Injector Impedence Q

John Hess JohnH at ixc-comm.net
Fri Feb 14 15:50:21 GMT 1997


The signal you want to send the injectors is a voltage level.  The 
power handling capabilities of the driver will determine how many of 
the injectors you can drive in parallel (As the power handling 
capacity goes down, the voltage delivered will go down for a 
commensurate current drain).  Many injection systems now on the market 
drive 4 injectors in parallel (note that series connection will drop 
the voltage across the injectors).  The impedance of this connection 
is not all that important.  Consider it a "fan out" problem rather 
than an impedance matching problem.


----------
From:  DemonTSi at aol.com[SMTP:DemonTSi at aol.com]
Sent:  Thursday, February 13, 1997 3:10 PM
To:  diy_efi at coulomb.eng.ohio-state.edu
Subject:  Re: Injector Impedence Q

In a message dated 97-02-13 12:18:32 EST, you write:

<<   Well- not really. If you connect 2 parallel legs, each leg with 2 
series

   injectors you'll have a total impedance similar to a single 
injector. But
the
   voltage across each injector will only be half of the total supply
voltage, ie
   you'll be running them at only 6 volts each, which is to say that 
the
current
   available to each one will be only about half what they were 
designed to
   operate with; not good... >>

Oh yeah..I forgot to mention that I was talking to Tim Drury about 
that
problem also.
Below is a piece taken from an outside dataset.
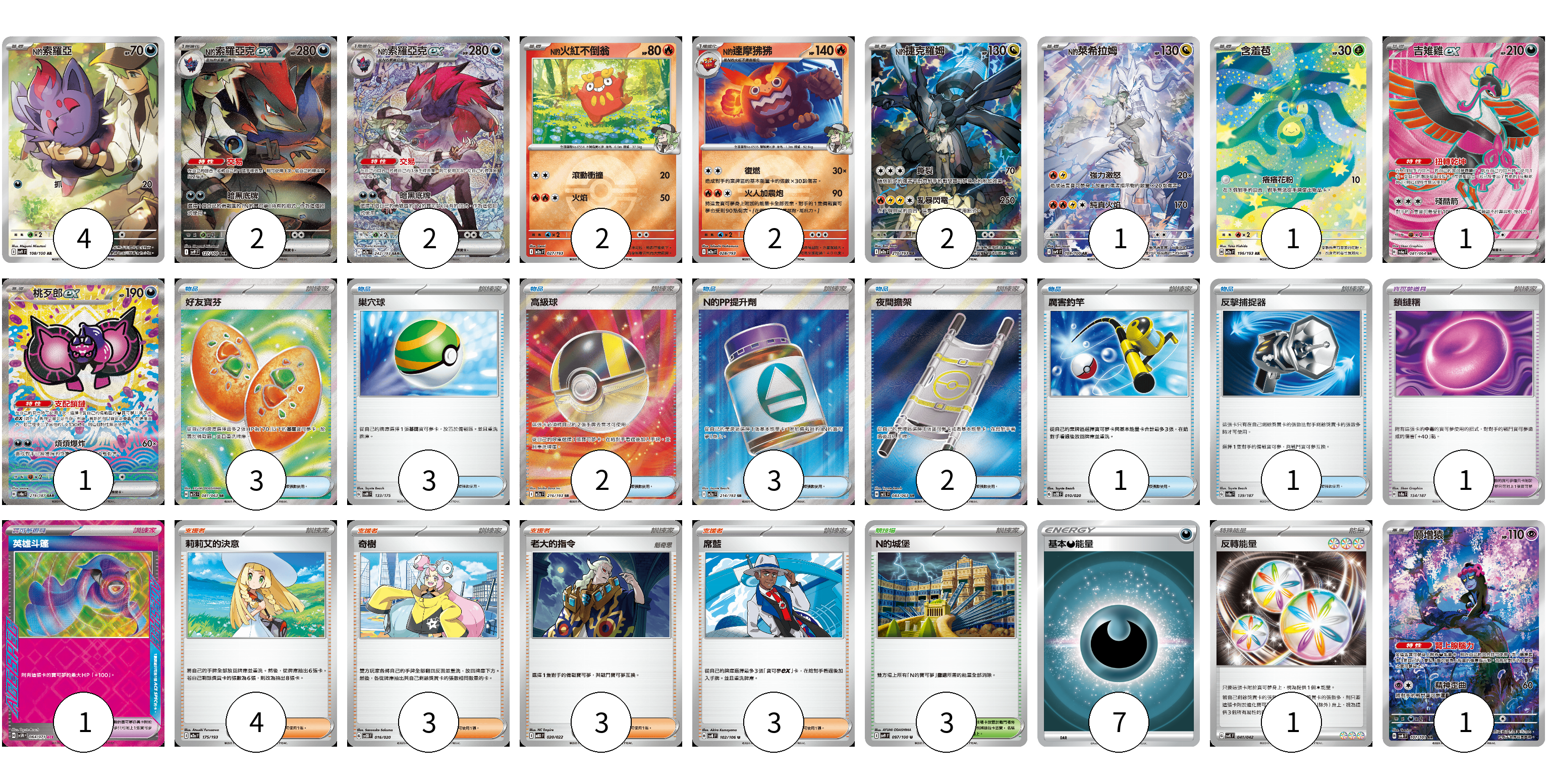 牌組構築方案 以此牌組為基礎新構築牌組 顯示卡面 顯示列表 寶可夢卡(19) 4 2 2 2 2 2 1 1 1 1 1 寶可夢道具(2) 1 1 物品卡(15) 3 3 2 3 2 1 1 支援者卡(13) 4 3 3 3 競技場卡(3) 3 能量卡(8) 7 1 寶可夢卡(19) 卡牌名稱 張數 卡牌名稱 張數 N的索羅亞 SV9 108/100 04 N的索羅亞克ex SV9 127/100 02 N的索羅亞克ex M2a 242/193 02 N的火紅不倒翁 M2a 027/193 02 N的達摩狒狒 M2a 028/193 02 N的捷克羅姆 M2a 210/193 02 N的萊希拉姆 SV9 109/100 01 含羞苞 M2a 196/193 01 吉雉雞ex SV6a 081/064 01 桃歹郎ex SV8a 219/187 01 願增猿 SV6 107/101 01 寶可夢道具(2) 卡牌名稱 張數 卡牌名稱 張數 鎖鏈糬 SV8a 154/187 01 英雄斗篷 SV5M 064/071 01 物品卡(15) 卡牌名稱 張數 卡牌名稱 張數 好友寶芬 M1S 081/063 03 巢穴球 SVM 133/175 03 高級球 M2a 216/193 02 N的PP提升劑 M2a 214/193 03 夜間擔架 M1L 083/063 02 厲害釣竿 SVOD 010/020 01 反擊捕捉器 SV8a 139/187 01 支援者卡(13) 卡牌名稱 張數 卡牌名稱 張數 莉莉艾的決意 M2a 175/193 04 奇樹 SVOD 016/020 03 老大的指令 MBD 020/022 03 席藍 SV8 102/106 03 競技場卡(3) 卡牌名稱 張數 卡牌名稱 張數 N的城堡 SV9 097/100 03 能量卡(8) 卡牌名稱 張數 卡牌名稱 張數 基本惡能量 SLD DAR 07 反轉能量 SVK 041/042 01 以此牌組為基礎新構築牌組 牌組編碼 GKOpMz-XZZQCp-rEWPNT copy 列印牌組單 牌組編碼已複製 分享至SNS
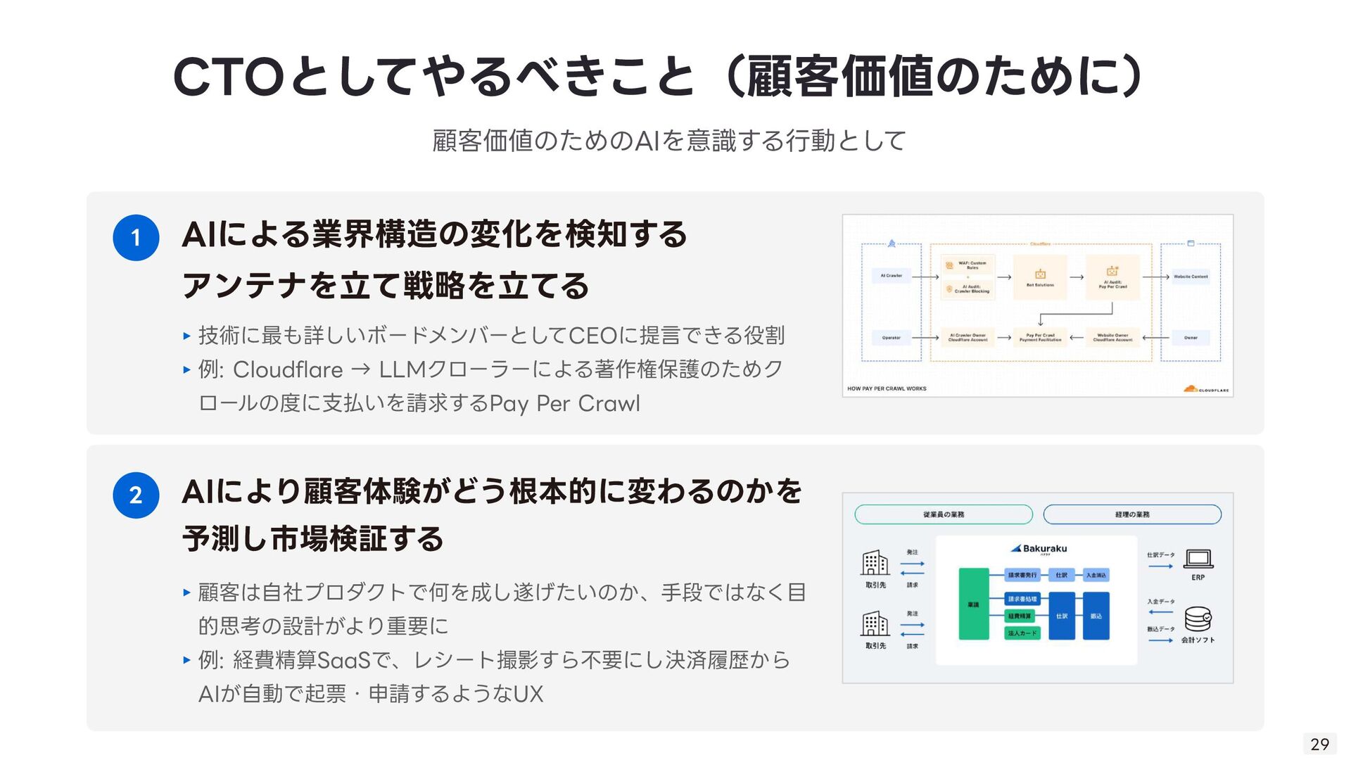 ‣ 例: 経費精算SaaSで、レシート撮影すら不要にし決済履歴から AIが⾃動で起票・申請するようなUX ‣ 技術に最も詳しいボードメンバーとしてCEOに提⾔できる役割 ‣ 例: Cloudflare → LLMクローラーによる著作権保護のためク ロールの度に⽀払いを請求するPay Per Crawl 1 2

I wondered about the possiblity of stepping up the 
voltage
somehow...perhaps with a sort of amplifier...?
I was thinking about the whole set up like an audio system...where you 
take
the signal from the ECU that tells the original inj when and how long 
to
fire..and then basically "amplify" that signal by four so that each of 
the
four new inj will get the exact same signal os the original one.